The cytochemical demonstration of GERL in rat hepatocytes during lipoprotein mobilization

Abstract

When a semisynthetic diet containing 1% orotic acid (OA) is fed to rats, the endoplasmic reticulum (ER) of hepatocytes vesiculates and lipoprotein (LP) droplets accumulate within the vesicles. When clofibrate (ethyl chlorophenoxyisobutyrate, CPIB) is added to the orotic acid-rich diet, the ER cisternae reform and the LP is mobilized through the reconstituted ER. A remarkable restoration of normal hepatocyte ultrastructure occurs except for a few organelles.
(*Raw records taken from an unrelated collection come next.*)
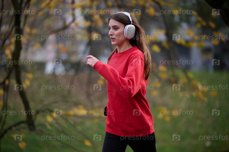 Молодая красивая женщина бежит в осеннем парке и слушает музыку в наушниках на смартфоне
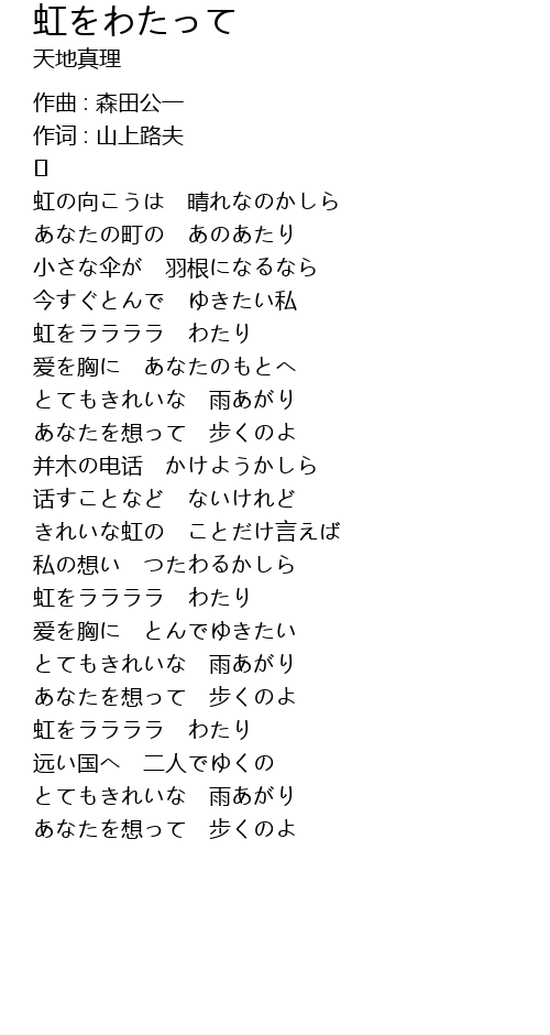 | Song | 虹をわたって |
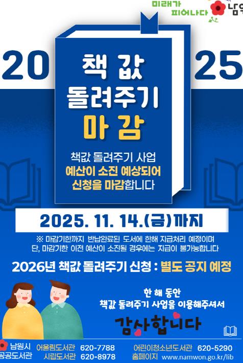 또한 남원시 공공도서관은 지난 6~7월 시민 의견을 반영하고자 ‘2025년 책값 돌려주기 사업’의 만족도 조사를 실시했다.
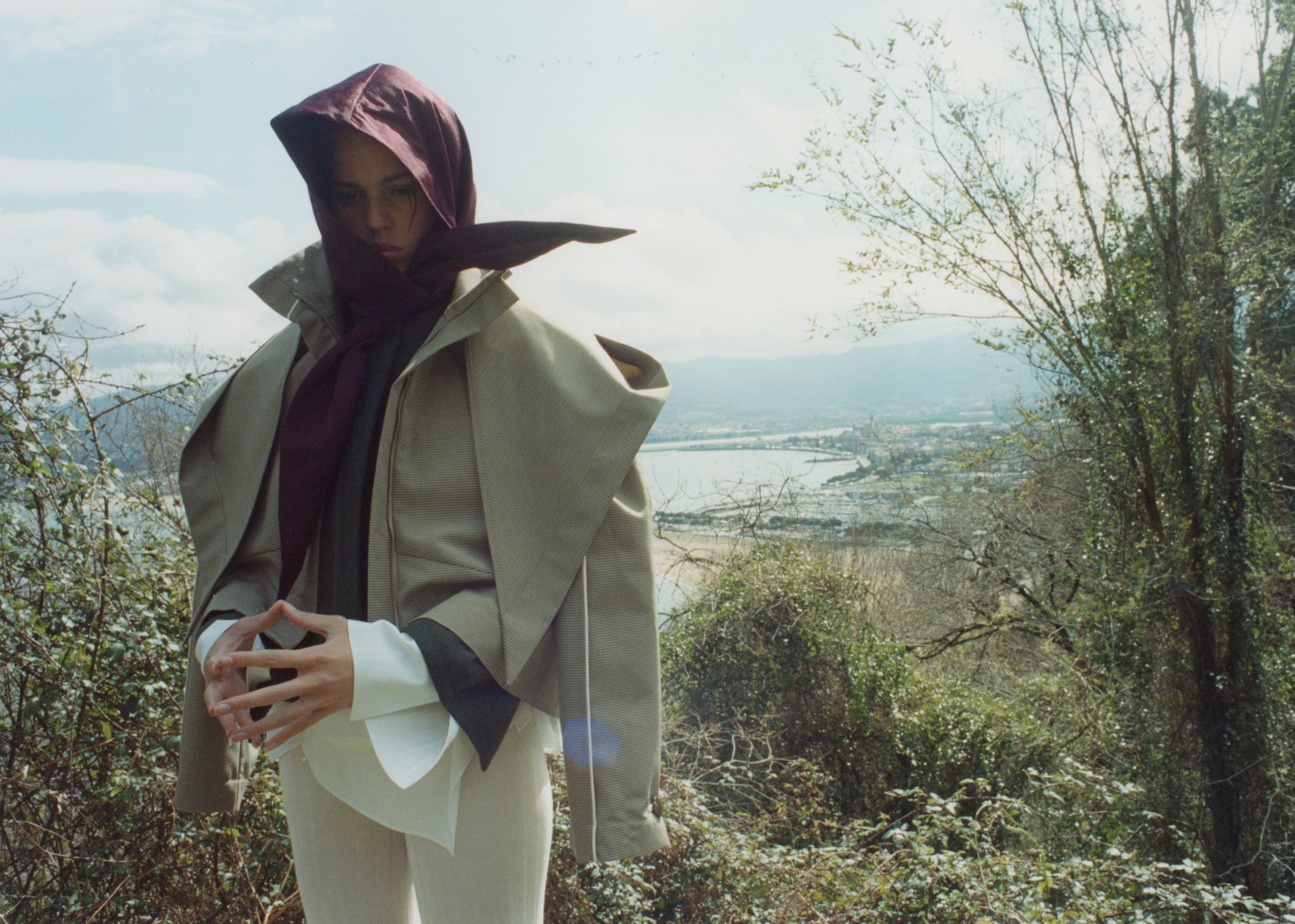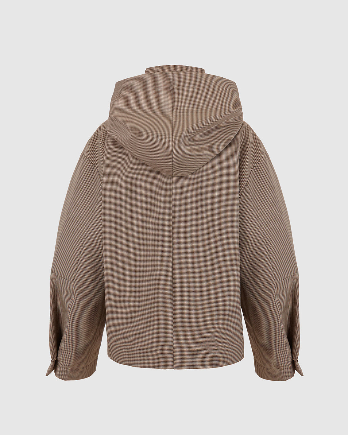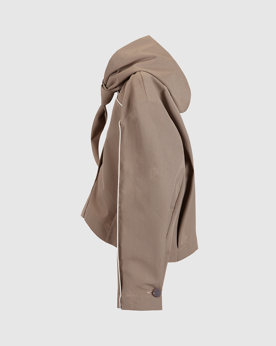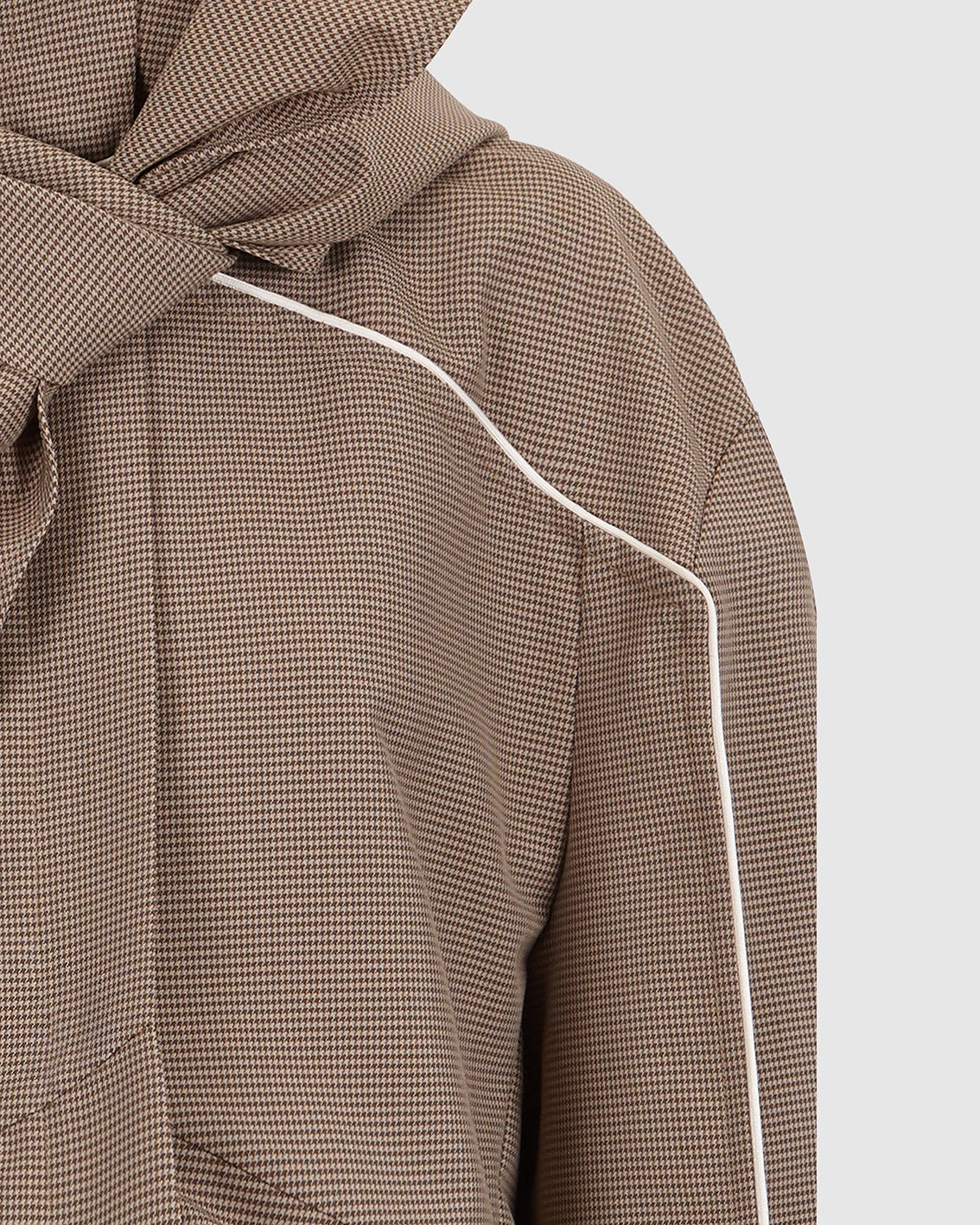 Esta parka crea una silueta audaz con una espalda envolvente que se pliega hacia adelante. El cierre frontal se realiza con una cremallera central, mientras que los ribetes blancos realzan su corte distintivo y contrastan con el tejido de inspiración pata de gallo. Incluye cuello alto, capucha tipo bufanda y mangas definidas por un amplio pliegue cerrado con un botón. El interior sin forro presenta un elegante acabado con costuras ribeteadas y un bolsillo en el pecho.

From their morphological appearance it was suggested that cisternae which became dilated with small LP particles were part of GERL, abnormally enlarged. The present communication validates this interpretation through ultrastructural cytochemistry which can distinguish GERL from the adjacent Colgi apparatus. GERL shows acid phosphatase (AcPase) but not thiamine pyrophosphatase (TPPase) activity. In contrast, the adjacent Golgi element shows thiamine pyrophosphatase but not acid phosphatase activity. From such cytochemical studies we have recently proposed that GERL in normal rat hepatocytes may be involved in transforming LP particles, by enzymes like lipases that were presumed to be present in this hydrolase-rich portion of smooth ER. In the situation studied in this communication, the addition of ethyl chlorophenoxyisobutyrate to the diet causes the release from the ER of large amounts of LP to the Golgi apparatus and to GERL. Apparently the capacity of GERL to metabolize LP is exceeded and lipid accumulates in the residual bodies.